PostPosted: Wed Apr 14, 2010 6:26 pm    Post subject: Reply with quote

Willem wrote:
I'll repeat this: standardized curiculum. You need it, you want it.


Take a look at the insane bullshit that happens annually when the Texas board gets together to rewrite history. Now imagine that the gubbernment is making everyone follow one curriculum. The shit-fight to establish that curriculum would be immense and the resulting standards would likely be the result of political rather than academic debate. During all of that madness the schools would still go unfunded.

dr_destructo wrote:
Test the students on their knowledge at the beginning of each term, and then test again at the end of the term.

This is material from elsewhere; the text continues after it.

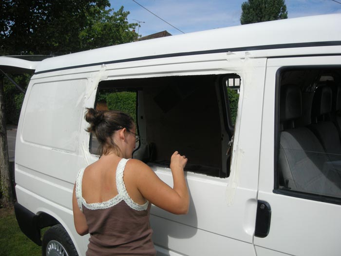 Putting the windows in really scared me. Cutting a big hole in the side of a perfectly good van just seemed wrong! I mean, what if we got the measurements wrong? That would be an expensive mistake… but I just held my breath and trusted my genius husband and now look at them: blinging nice windows if I do say so myself! Of course Steve now wants to lower it and get alloys (honestly, what is the point?!) apparently most people would understand why alloys are important… but not me!

Let me tell a short story about one corrupting factor regarding the use of standardized tests in the determination of pay...I did my primary education in a school district that was relatively affluent; still solidly middle-class, but folks had money. A friend of mine that wasn't exactly the brightest student (she was good at one or two subjects and dismal at all the rest) had extremely wealthy parents. She began biweekly private tutoring for standardized tests in the 5th grade. She did very, very well on all the standardized tests throughout our schooling. Would it be fair, given that information, to determine her teachers salary based on standardized test results? Would it be fair to determine the pay of teachers in other classes of which this student was not a part based on the relative performance of the two classes on a standardized test? Based on this anecdote, I have no confidence in the ability of a standardized test to rate the effectiveness of an individual teacher.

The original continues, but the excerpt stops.